When Israel was created, they were sorta kicked out, but it seems that they did stay in the former Palestine. When pleaing to their fellow Muslim countries, the Palestinians were barred, banned, and downright stopped from entering their countries, which is rather strange. I will admit, the Palestinians got the bad end of the deal. Of course, the way they have gone about trying to "fix" their little problem is rather stupid and wrong. The PLO and the HAMAS tend to be good buddies, and both seem to think that bombing tourist buses with American citizens is a good way to rally support for their cause :/. After MANY MANY MANY dealings with Ehud Barakh, a prime minister that many Israeli's didn't like becuase he had offered such large chunks of Israeli land to the Palestinians for their state, Yassir Arafat declined, and answered with multiple terrorist attacks. It was sad, especially when i learned that 95% of the land the Palestinians wanted (everything except Jerusalem, the holiest city of the Jews) wouldve been theres, but Arafat said no. They had so many chances, and they've decided that terrorism would be a better solution.

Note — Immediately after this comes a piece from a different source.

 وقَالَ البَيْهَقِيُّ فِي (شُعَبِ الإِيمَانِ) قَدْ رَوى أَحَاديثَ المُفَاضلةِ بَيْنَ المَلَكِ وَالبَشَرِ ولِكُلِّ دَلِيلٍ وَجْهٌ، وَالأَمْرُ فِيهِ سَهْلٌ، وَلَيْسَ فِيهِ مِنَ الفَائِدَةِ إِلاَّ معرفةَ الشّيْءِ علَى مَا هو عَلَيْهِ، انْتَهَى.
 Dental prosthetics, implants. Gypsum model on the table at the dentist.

Of course, the Israeli's aren't doing that hot of a job either. Sharon is a rather strong nationalist, and building a wall won't stop anything. Nor will going into Palestinian towns with tanks, no matter how good-intentioned he is.

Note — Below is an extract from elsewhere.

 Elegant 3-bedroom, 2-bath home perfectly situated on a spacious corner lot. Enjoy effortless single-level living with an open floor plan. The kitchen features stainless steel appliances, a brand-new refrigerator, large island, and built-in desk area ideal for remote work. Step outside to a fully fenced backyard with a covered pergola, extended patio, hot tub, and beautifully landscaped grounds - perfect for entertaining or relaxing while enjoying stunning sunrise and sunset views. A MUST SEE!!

Overall, I believe the Palestinian's best bet for a home would be one of the other Muslim countries. It doesn't make sense to me that other Muslims won't take them in, since there really is no difference between them (unless i'm missing something within the religion itself). Meanwhile, Israel is still the only Jewish state.
European Communism
09-04-2005, 16:06
Meanwhile, Israel is still the only Jewish state.

Thank God.
Drunk commies reborn
09-04-2005, 16:07
The Palestinians are an interesting debate.

When Israel was created, they were sorta kicked out, but it seems that they did stay in the former Palestine. When pleaing to their fellow Muslim countries, the Palestinians were barred, banned, and downright stopped from entering their countries, which is rather strange. I will admit, the Palestinians got the bad end of the deal. Of course, the way they have gone about trying to "fix" their little problem is rather stupid and wrong. The PLO and the HAMAS tend to be good buddies, and both seem to think that bombing tourist buses with American citizens is a good way to rally support for their cause :/. After MANY MANY MANY dealings with Ehud Barakh, a prime minister that many Israeli's didn't like becuase he had offered such large chunks of Israeli land to the Palestinians for their state, Yassir Arafat declined, and answered with multiple terrorist attacks. It was sad, especially when i learned that 95% of the land the Palestinians wanted (everything except Jerusalem, the holiest city of the Jews) wouldve been theres, but Arafat said no. They had so many chances, and they've decided that terrorism would be a better solution.

Of course, the Israeli's aren't doing that hot of a job either. Sharon is a rather strong nationalist, and building a wall won't stop anything. Nor will going into Palestinian towns with tanks, no matter how good-intentioned he is.

Overall, I believe the Palestinian's best bet for a home would be one of the other Muslim countries. It doesn't make sense to me that other Muslims won't take them in, since there really is no difference between them (unless i'm missing something within the religion itself). Meanwhile, Israel is still the only Jewish state.
Building the fence has actually caused a decline in Palestinian terrorism. Sometimes the best thing for all parties involved is to stay separated.
Drunk commies reborn
09-04-2005, 16:07
Thank God.
Anti-Semitic much?
European Communism
09-04-2005, 16:09
Building the fence has actually caused a decline in Palestinian terrorism. Sometimes the best thing for all parties involved is to stay separated.

A Wall as a Weapon

Noam Chomsky

CAMBRIDGE, Mass. — It is a virtual reflex for governments to plead security concerns when they undertake any controversial action, often as a pretext for something else. Careful scrutiny is always in order. Israel's so-called security fence, which is the subject of hearings starting today at the International Court of Justice in The Hague, is a case in point.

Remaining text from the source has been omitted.